I woke up late this morning. I was having a nightmare & I couldn’t shake out of it. Because I woke up late, I missed my massage appointment. I called the office in a frenzy & the receptionist told me I would have to reschedule…for next week (which I don’t understand because I was only 10 minutes late but whatever).
I hung up & fought back the tears. I’ve been in a tremendous amount of pain. I can’t wait a week. I need help now. NOW.
I did some searching & found another business that had an opening within 30 minutes. It was my first time there & I wasn’t too impressed. They were fine, I guess, but I’m a fan of JS (my therapist). Today’s therapist did great & was definitely working on me. True to form, I was in a lot of pain as he worked on my shoulders & upper back. He stopped at one point & had his hand gently on my right shoulder.
“You feel that?”
Yes…
“This is all tight, hot to the touch, & inflamed. Your tendons aren’t happy.”
Yeah, no shit, Sherlock. I’m aware of the pain. That’s why I’m here. For fuck’s sake…
He recommended for me to ice it 10-20 minutes EVERY HOUR today.
Who honestly has that much time?
And I discovered today my freezer was busted so all of my ice is water & my ice packs aren’t cold. Not like I could do it if I wanted to.
He told me he was working on a 2-3 level of pressure out of 10. It felt like a 7-8 but I lied & said 6. He was totally surprised. He made some comment about me “needing to communicate more” & how “I shouldn’t be in that much pain.” Again, it’s gonna hurt & I’m here for you to FIX IT. Very light pressure isn’t gonna help so I might as well bite the table & power through.

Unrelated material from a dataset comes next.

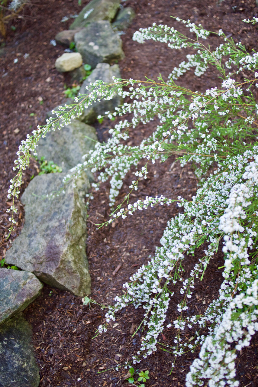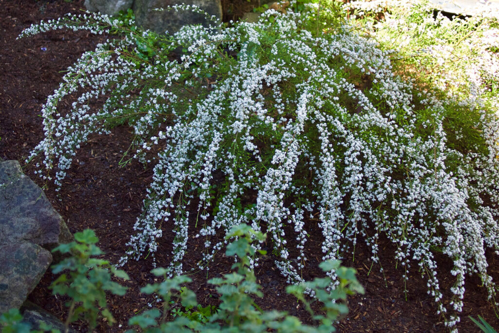 The shrub only reaches half a metre high by upto a metre wide and has a lovely weeping habit created by it long arching branchlets. It can get a little leggy but a simple prune will encourage new growth and stop it looking scraggly.

He also mentioned that if there was a chemical reason for causing stress & pain, there’s only so much he can do. Can’t fight against your body’s chemistry & pituitary gland, right?
“But don’t worry. You don’t seem like that type.”
Oh, honey. You have no idea.
So I’m sitting here with the TENS unit, lightly crying, & breathing through the pain. I took an ibuprofen (for the anti-inflammatory) but now I’m wondering if I should take an oxy instead. I can’t think about anything else but how much it hurts.
I hate this. So fucking much.
I hate being physically & mentally broken. I hate being jealous of my friends who don’t have to experience any of this. They don’t have to fight the mental battles that I do. They don’t have back pain. They get to live their lives in freedom & happiness.
Yep. Totally jealous. Totally hate it.